[Given information]

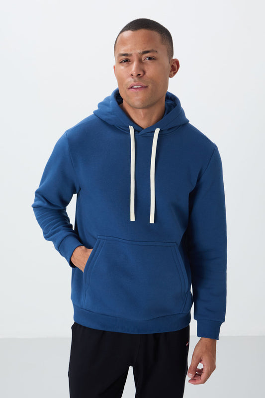 Navy Blue Compact Cotton Thick Smooth Textured O Collar Standard Fit Men's Sweatshirt -88405
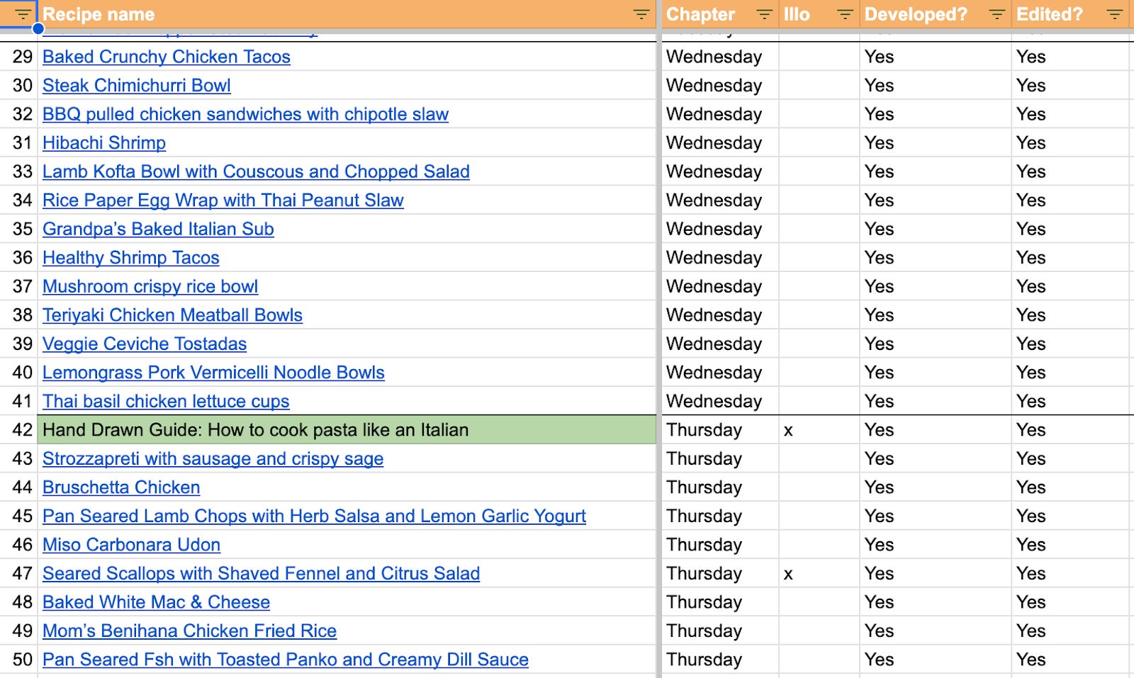 About a year later, publishers began reaching out to ask if I’d considered writing a cookbook. I signed with a literary agent, who helped me put together a proposal. It included my story and why a publisher should take a chance on a first-time author. I also outlined the concept: easy, go-to recipes you can make again and again. From the beginning, I knew I wanted chapters that each represent a day of the week. My agent sent the proposal to editors, and we ended up having 11 meetings. Half were in person in New York City, all in one day. It felt really big and exciting, and I even bought myself a new jacket for it! Long story short, I sold my cookbook to my dream publisher, Clarkson Potter, an imprint of Penguin Random House.
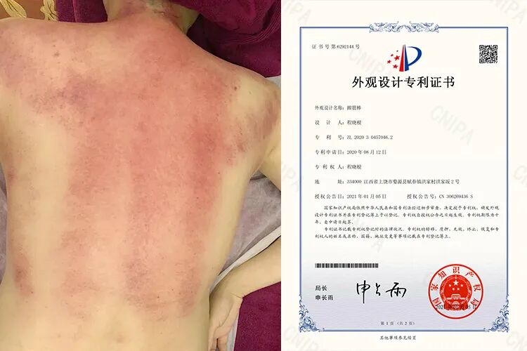 有外观专利认证,不仅出痧快,你简直不敢相信,整个背部都刮出痧,也就用了十来分钟,驱逐湿寒的效率贼高。(外观专利:ZL202030457046.2)
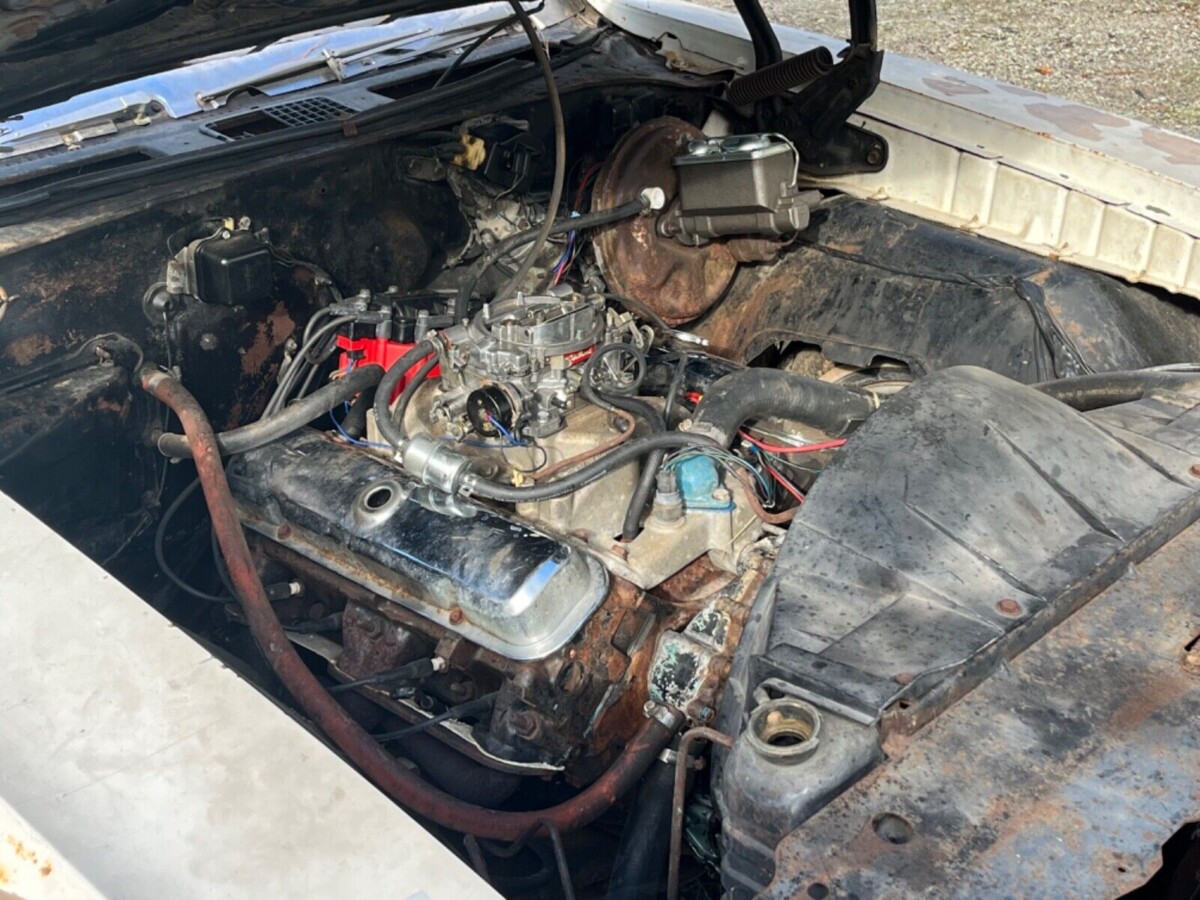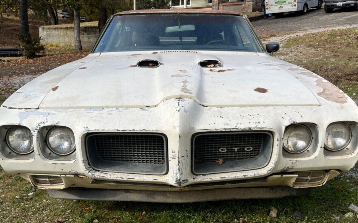 The GTO looks like it has set outside for quite some time. The body does have rust around the wheel wells that will need to be replaced or patched. The floor pan also has rust but the rest of the car is said to be solid. Most of the plastic pieces will need to be replaced during the restoration. The seller has over 175 pictures and videos of the car if you want to contact him.
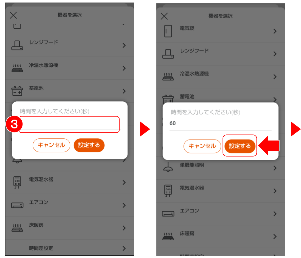 ③.時間「1~9999」秒を入力し、「設定する」をタップします。
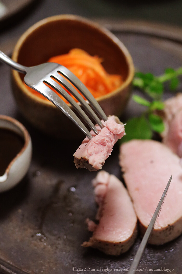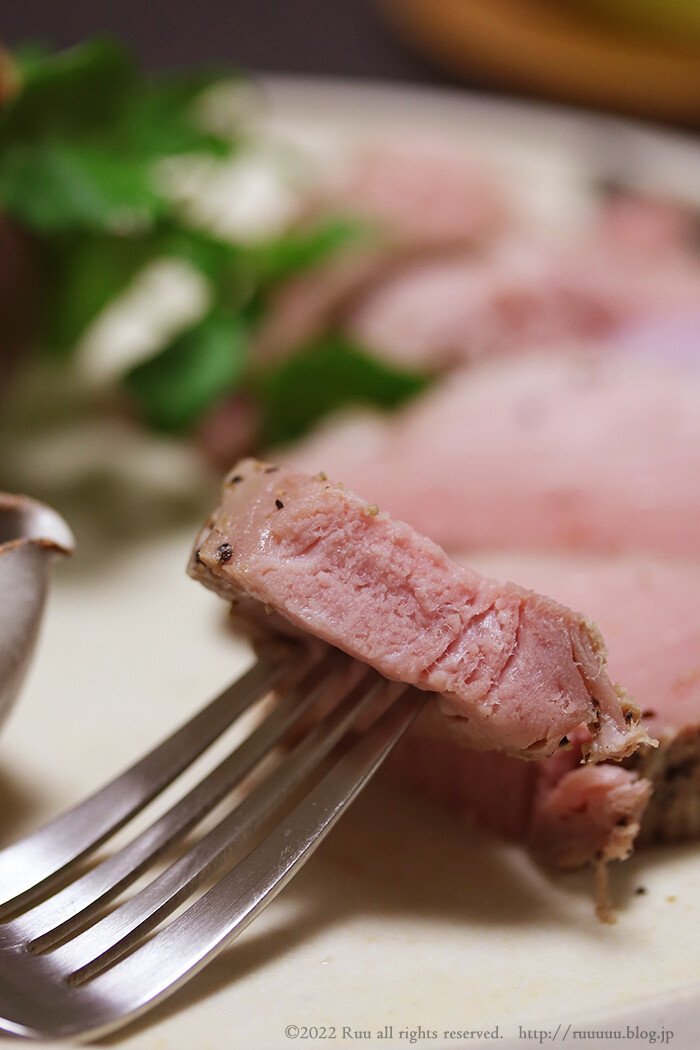 ローストポークはキンッキンに冷やしちゃうとお肉が締まって固くなっちゃうのでね、
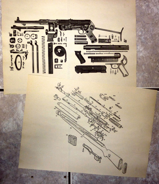 absolut tolle Stücke - Skelettplan / Explosionszeichnung / Schnittzeichnung von der der MP38 / MP 40 und dem G43 / K43 vom WK2 in allen wesentlichen Teilen bezeichnet / durchnummeriert. So kann selbst der Laie leicht jedes fehlende Stück finden, sein geliebtes Stück selbst zusammenbauen,....
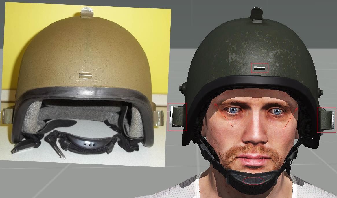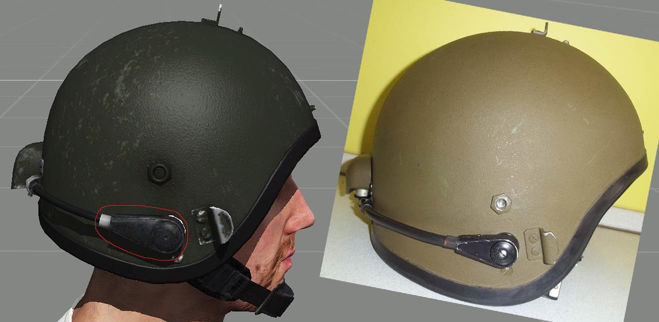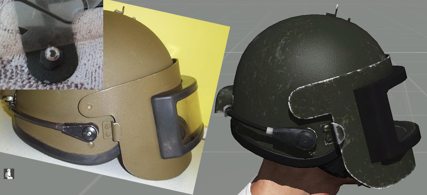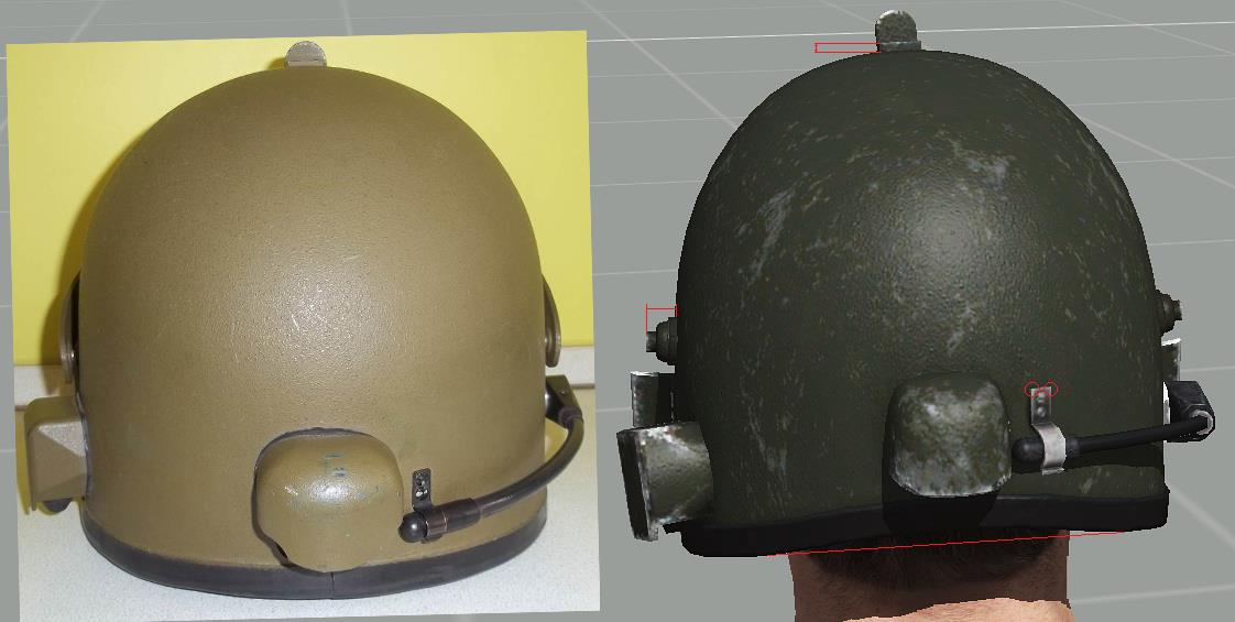 | Description | Доброго времени суток! На 1ой картинке: кожух переключателя режимов работы не имеет скруглений, также шляпка винта должна быть выпуклой. На 2ой картинке: у оригинального кожуха сужения снизу ярко выражены. Также отсутствие резинки вокруг кожуха. На 3ей картинке: Слишком толстая боковая стенка кожуха переключателя. Сам переключатель, мал, но это, скорее всего потому, что сам кожух довольно большой (это будет очень заметно на общих ракурсах, приведенных ниже). На 4ой картинке: Нужны более ярко выраженные углы на передней и задней стенках кожуха переключателя. Отсутствие решетки на самом переключателе. На 5ой картинке: Верхняя стенка кожуха штекера должна быть под прямым углом к стенке шлема. Задняя стенка кожуха (защита шнура) должна быть перпендикулярна горизонту. Также кожух должен иметь характерные вырезы снизу. На 6ой картинке: Кожух штекера довольно широкий на оригинальном шлеме. Задняя стенка кожуха хорошо скруглена. Также отсутствие резинки вокруг кожуха. На 7ой картинке: Отсутствие штатной заглушки для разъема. Отсутствие мелких вырезов по бокам (попытка нарисовать схожую форму). Не хватает металлического блеска для разъема. На 8ой картинке: Слишком большие боковые фиксаторы. Фиксатор нижнего положения должен иметь более тупой угол. Кромка шлема в лобовой проекции имеет слишком большие углы по бокам, из за чего кромка на уровне бровей сужена и поднята высоко. Дырочки вентиляции на подбородке нужно подвинуть ближе друг к другу. На 9ой картинке: Фиксатор верхнего положения имеет немного большую высоту, чем у оригинала. У боковых фиксаторов необходимо округлить концы. Кромка шлема в лобовой проекции (вид сбоку). На 10ой картинке: Довольно крупный поворотный механизм микрофона. На 11ой картинке: Большая толщина верхнего фиксатора. Необходимо чуть-чуть сплющить купол шлема (чтобы был менее остроконечным). У фиксатора микрофона необходимо округлить концы. Слишком широкие крепления кронштейна по бокам (на виде сверху лучше это видно). Нижняя затылочная кромка шлема должна быть параллельной горизонту. На 12ой картинке: У верхнего фиксатора необходимо округлить концы. Головка микрофона должна быть чуть длиннее и тоньше. Как я понимаю, в RHS присутствует модель раннего “Алтына” (забрала), судя по профилю кронштейна, кончики забрала имеют характерный изгиб. Может быть, имеет смысл “осовременить” (выровнять) эти “уши”? Т.к. у старых забрал верхняя кромка в лобовой части имеет изгиб к верху (лишняя работа) - это будет видно на следующей картинке. На 13ой картинке: Защелка у верхнего фиксатора должна быть немного сплюснутой (менее острый угол). Отсутствие заклепочного соединения выше визора (на забрале). Окантовка бронестекла и само стекло должны быть более узкими. Также скругления нижней кромки забрала должны быть большего радиуса. Если оставлять характерный изгиб на “ушах” забрала, то верхнюю кромку шлема нужно изогнуть кверху. На 14ой и 15ой картинках: Толщина “уха” забрала должна быть поменьше (также присутствует пример “уха” с изгибом). Также забрало довольно большое по высоте. Заранее спасибо! | ||||||||||||
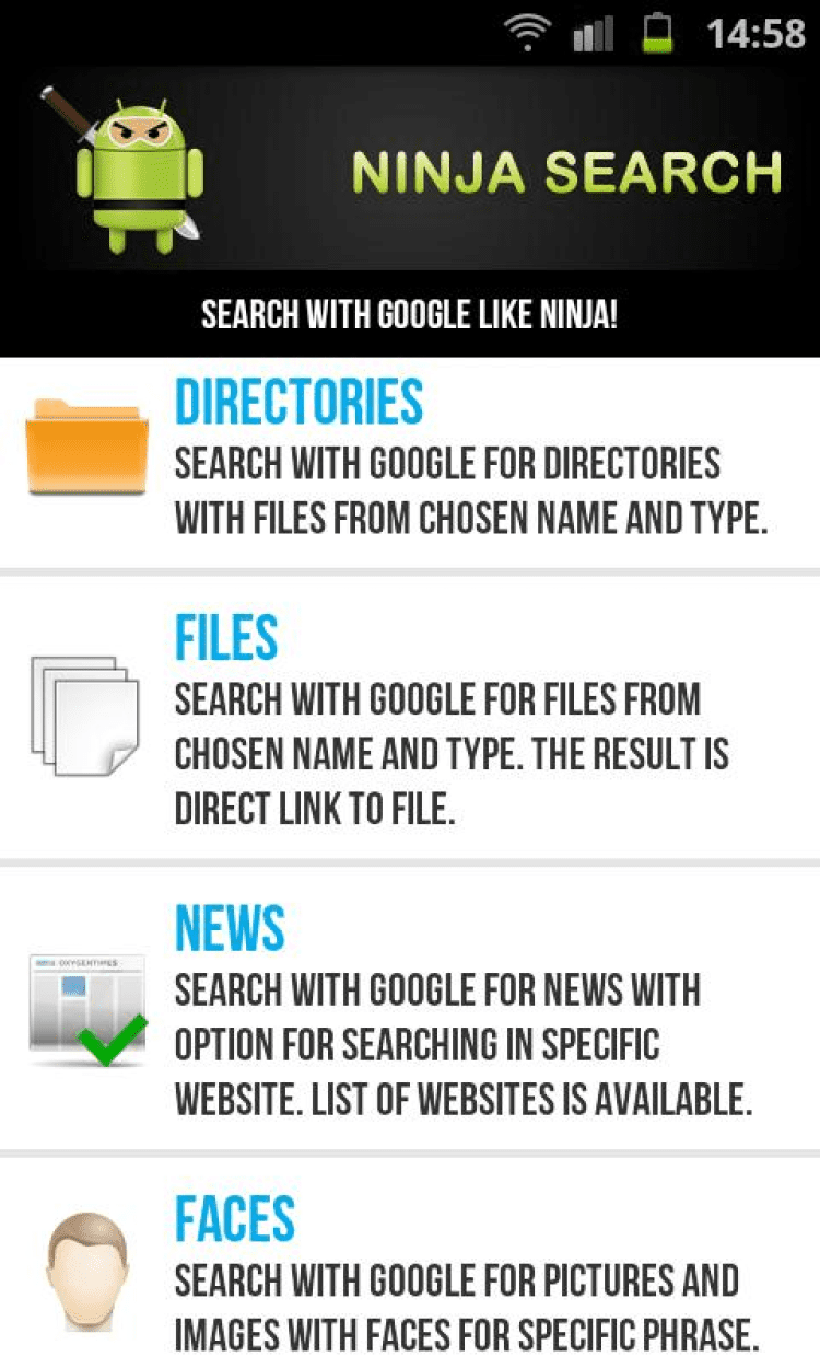 Ninja Search Приложение, предоставляющее вашему мобильному устройству быстрый и точный поиск с Google для:
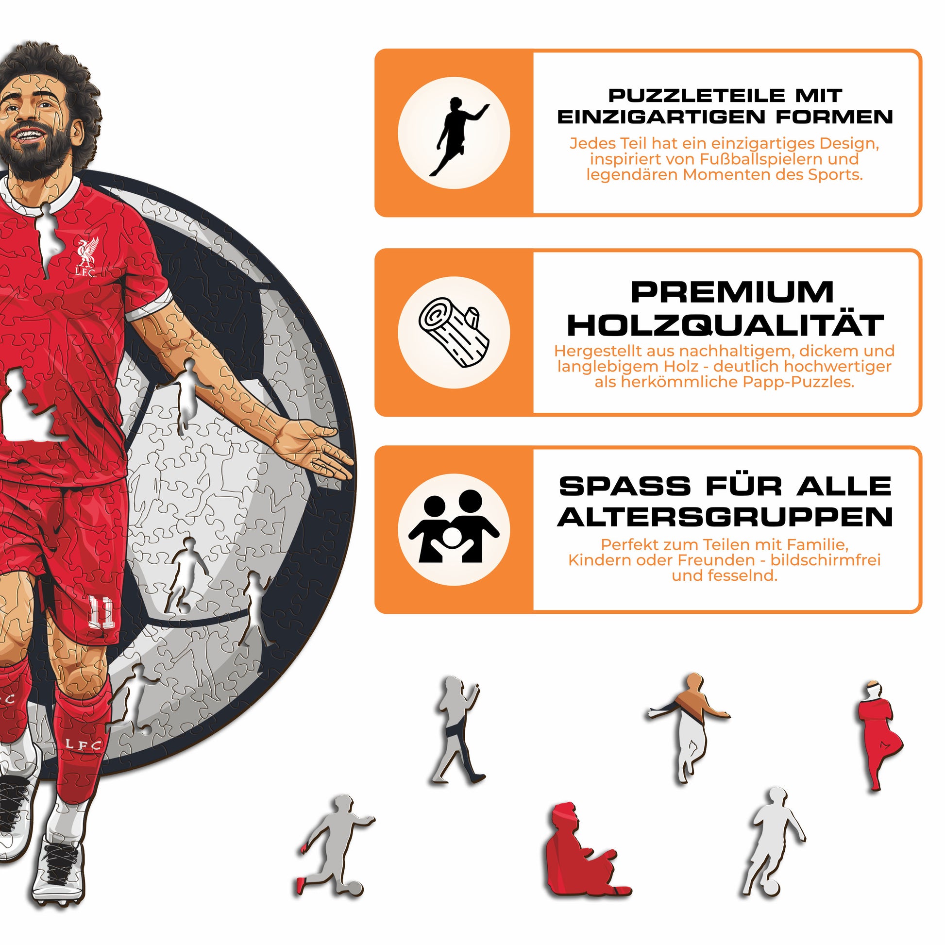 ✓ Jedes Puzzleteil hat eine einzigartige Form, die Elemente aus dem Fußball und ikonische Spielerposen darstellt.
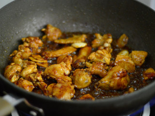 煎至两面焦黄后放入姜蒜,翻炒出香味
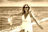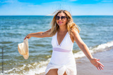 Summer vacations by sea. Beautiful elegant middle aged woman tourist walking along sea on sunny day. Front view
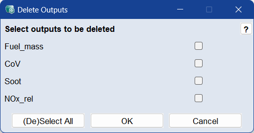 開くDelete Outputs ウィンドウを開き、出力を選択してモデリングから削除します。
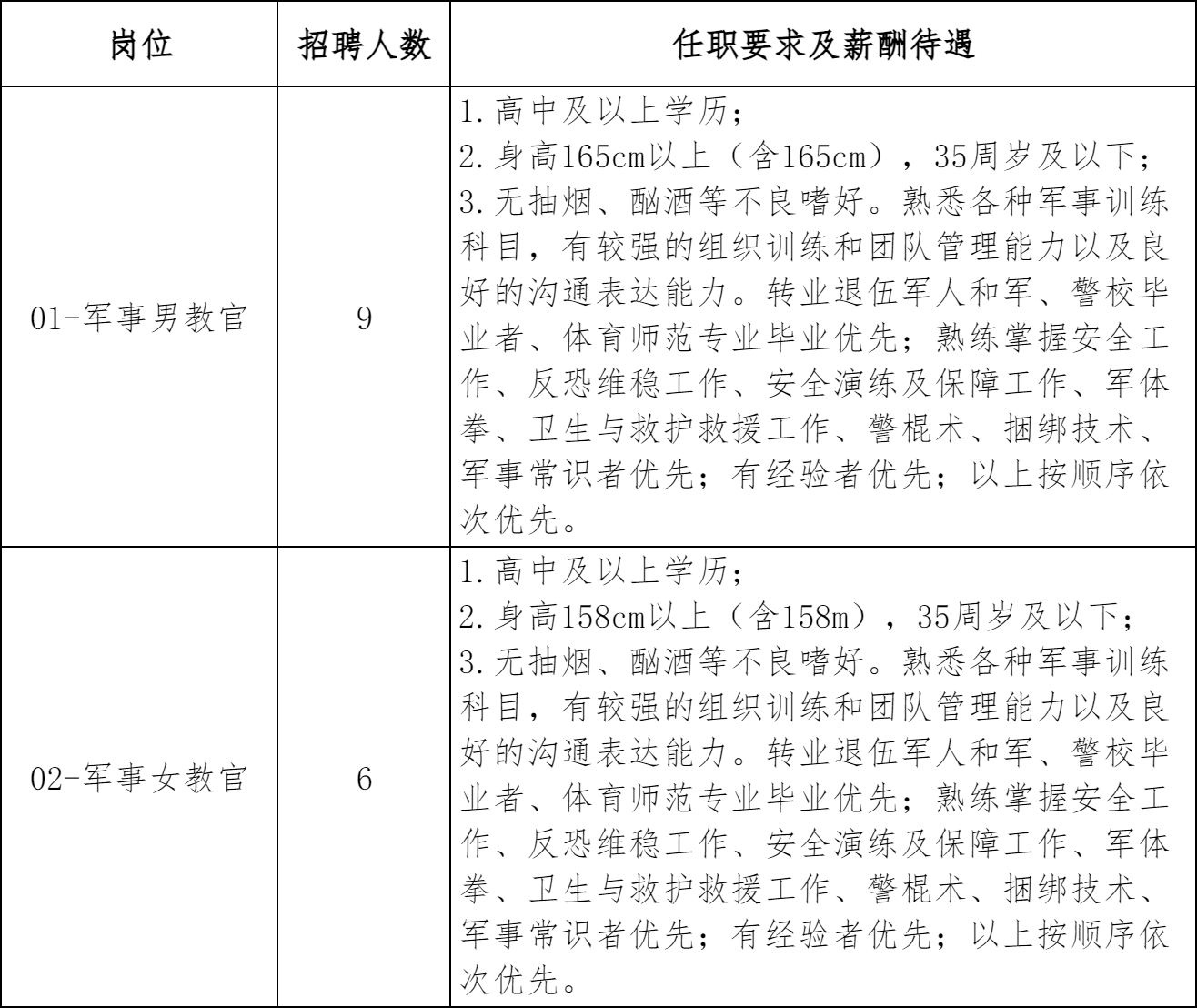 此次聘用人员为劳务派遣人员,军事教官每月工资4000元左右(不含食宿),按有关规定购买五险一金。

[/Given information]

* [Exercise goal]: The result should hold only the lines from the line with "Ninja Search Приложение, предоставляющее" through the final line of the records above, copied exactly, with pictures left out.

* [Task result]:
 Ninja Search Приложение, предоставляющее вашему мобильному устройству быстрый и точный поиск с Google для:
 ✓ Jedes Puzzleteil hat eine einzigartige Form, die Elemente aus dem Fußball und ikonische Spielerposen darstellt.
 煎至两面焦黄后放入姜蒜,翻炒出香味
 Summer vacations by sea. Beautiful elegant middle aged woman tourist walking along sea on sunny day. Front view
 開くDelete Outputs ウィンドウを開き、出力を選択してモデリングから削除します。
 此次聘用人员为劳务派遣人员,军事教官每月工资4000元左右(不含食宿),按有关规定购买五险一金。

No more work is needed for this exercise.